In addition, the Company is not in compliance at December 31, 1999 with the
financial covenants applicable to the lease agreements covering a majority of
its United States nursing facilities. Under the agreements, the lessor has the
right to terminate the lease agreements and seek recovery of any related
financial losses.

At a minimum, the Company's cash requirements over the next 12 months include
funding operations, capital expenditures, scheduled debt service, and other
working capital requirements. No assurance can be given that the Company will
have sufficient cash to meet its requirements for the next 12 months. As
previously described, the Company is currently discussing potential
restructuring and refinancing alternatives with its current lenders as well as
with its primary lessor. If the Company's lenders forced immediate repayment,
the Company would not be able to repay the total amount of its indebtedness
outstanding. Further, no assurance can be given that the Company will be
successful in negotiating waivers, amendments, or refinancings of outstanding
debt or lease commitments, or that the Company will be able to meet any amended
financial covenants in the future. If the Company is unable to generate
sufficient cash flow from its operations or successfully negotiate debt or
lease amendments, it will explore a variety of other options, including but not
limited to other sources of financing, asset dispositions, or relief under the
United States Bankruptcy code. The Company's interim consolidated financial
statements as of and for the three and six months periods ended June 30, 1999
do not include any adjustments relating to the recoverability and
classification of recorded asset carrying amounts or the amounts and
classification of liabilities that might result should the Company be unable to
continue as a going concern.

RECEIVABLES

The Company's operations could be adversely affected if it experiences
significant delays in reimbursement of its labor and other costs from Medicare,
Medicaid and other third party sources. The Company's future liquidity will
continue to be dependent upon the relative amounts


                                      -20-

<PAGE>   21

of current assets (principally cash, accounts receivable and inventories) and
current liabilities (principally accounts payable and accrued expenses). In that
regard, accounts receivable can have a significant impact on the Company's
liquidity. Continued efforts by governmental and third-party payors to contain
or reduce the acceleration of costs by monitoring reimbursement rates, by
increasing medical review of bills for services, or by negotiating reduced
contract rates, as well as any delay by the Company in the processing of its
invoices, could adversely affect the Company's liquidity and results of
operations.

Gross accounts receivable attributable to the provision of patient and resident
services at June 30, 1999 and December 31, 1998, totaled $22.9 million and $28.3
million, respectively, representing approximately 48 and 53 days in accounts
receivable, respectively. Accounts receivable from the provision of management
services was $522,000 and $387,000 at June 30, 1999 and December 31, 1998,
respectively, representing approximately 54 and 39 days in accounts receivable,
respectively.

The Company is subject to accounting losses from uncollectible receivables in
excess of its reserves. The Company continually evaluates the adequacy of its
bad debt reserves based on patient mix trends, agings of older balances, payment
terms and delays with regard to third-party payors, collateral and deposit
resources, as well as other factors. The Company continues to evaluate and
implement additional procedures to strengthen its collection efforts and reduce
the incidence of uncollectible accounts.

HEALTH CARE INDUSTRY

The health care industry is subject to numerous laws and regulations of federal,
state and local governments. These laws and regulations include, but are not
necessarily limited to, matters such as licensure, accreditation, government
health care program participation requirements, reimbursement for patient
services, and Medicare and Medicaid fraud and abuse. Changes in these laws and
regulations, such as reimbursement policies of Medicare and Medicaid programs
as a result of budget cuts by federal and state governments or other
legislative and regulatory actions, could have a material adverse effect on the
Company's consolidated financial position, results of operations, and cash
flows. Future federal budget legislation and federal and state regulatory
changes may negatively impact the Company.

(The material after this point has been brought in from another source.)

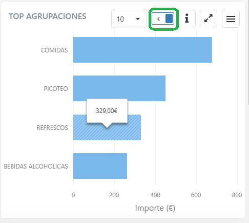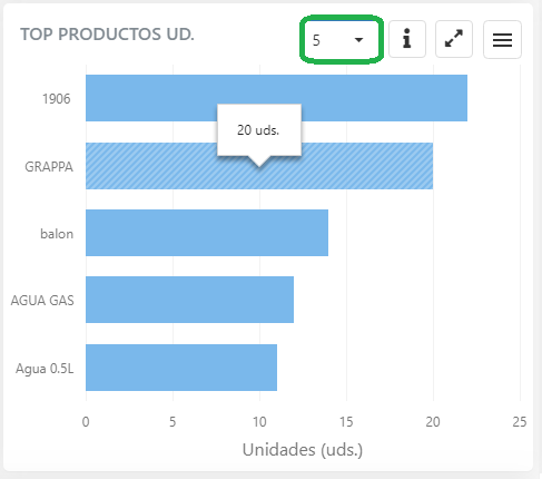 Puedes elegir cuántas agrupaciones mostrar (hasta un máximo de 10), y si quieres ver el top en base al importe (en moneda local) o en base al número de unidades vendidas.
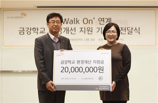 국민카드는 21일 서울 종로구 국민카드 본사에서 새터민 자녀들이 다니는 금강학교에 기숙사 환경 개선을 위한 기부금 2000만원을 전달했다고 밝혔다.

All of the Company's facilities are required to obtain annual licensure renewal
and are subject to annual surveys and inspections in order to be certified for
participation in the Medicare and Medicaid programs. In order to maintain their
operator's license and their certification for participation in Medicare and
Medicaid programs, the nursing facilities must meet certain statutory and
administrative requirements. These requirements relate to the condition of the
facilities, the adequacy and condition of the equipment used therein, the
quality and adequacy of personnel, and the quality of medical care. Such
requirements are subject to change. There can be no assurance that, in the
future, the Company will be able to maintain such licenses for its facilities or
that the Company will not be required to expend significant sums in order to do
so.

Recently, government activity has increased with respect to investigations
and allegations concerning possible violations by health care providers of fraud
and abuse statutes and regulations. Violations of these laws and regulations
could result in expulsion from government health care programs together with the
imposition of significant fines and penalties, as well as significant repayments
for patient services previously billed. Management believes that the Company is
in compliance with fraud and abuse laws and regulations as well as other
applicable government laws and regulations. Compliance with such laws and
regulations can be subject to future government review and interpretation as
well as regulatory actions unknown or unasserted at this time.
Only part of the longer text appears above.